Pertanyaannya kemudian, mengapa kita harus berbuah? Karena itulah yang dikehendaki oleh Tuhan. Sangat ngeri sebenarnya membaca Yohanes 15 ayat 2, yang mengatakan, “Setiap ranting pada-Ku yang tidak berbuah, dipotong-Nya dan setiap ranting yang berbuah, dibersihkan-Nya, supaya ia lebih banyak berbuah.”
Secara pribadi, saya ingin, ketika Tuhan datang, Tuhan mendapatkan saya sebagai ranting yang berbuah. Jika ikut dalam paduan suara di gereja, saya ingin bisa menyanyikan lagu-lagu itu untuk kemuliaan Tuhan dan meresapinya, lalu menerapkannya dalam kehidupan sehari-hari. Saya membayangkan, jika saja ada 100 orang di gereja yang ikut dalam paduan suara dan melakukan hal itu, setidaknya sudah ada 100 orang yang siap berbuah. Gereja akan bertumbuh dan berkembang, dalam artian tidak sekadar jumlah orangnya, melainkan juga kualitasnya.

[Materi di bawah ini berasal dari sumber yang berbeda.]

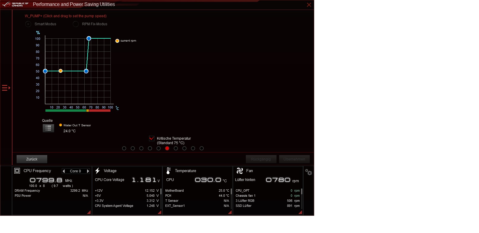 Lüfterheader am Board, sie hängt an den dafür vorgesehenden Pumpen Anschluss, wie das geregelt wird, kein Plan. In der Software von Asus stelle ich sie auf 50%. HWInfo zeigt mir keine Pumpendrehzahl an, ich stelle die Pumpe von 50% auf 100% und ich sehe nirgendwo eine veränderung. Vielleicht kann man in den option von HWInfo die Pumpen Leistung erst hinzufügen damit sie angezeigt wird? Ich gucke gleich mal nach.
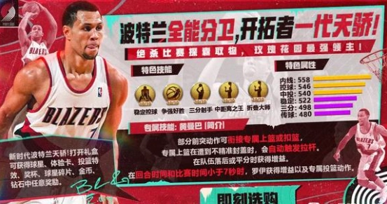 优点:不错的进攻上限,较强的翻盘能力,以及点券里最丰富的专属动作。得分以专属内切快扣稳2为主,落后时可考虑后撤3分或者绝境干拔3分(满专属可S评分),传奇及以下分段一局偷一两个三分还是可以的。打法丰富,可玩性拉满。

Sejalan dengan pencanangan tahun ini oleh gereja saya sebagai “Tahun Profesionalisme dalam Penatalayanan”, semoga saya sebagai jemaat bisa juga tampil sebagai pelayan dan saksi Tuhan. Karena begitu banyak sebenarnya pekerjaan di ladang Tuhan dan saya pasti berguna di dalamnya. ***
*Siregar, I., Rusli, A., & Naelofaria, S. (2022). Interpretasi Poda Na Lima Sebagai Pendidikan Karakter pada Masyarakat Angkola-Mandailing. Jurnal Pancasila, Vol. 3 (1), 01-06.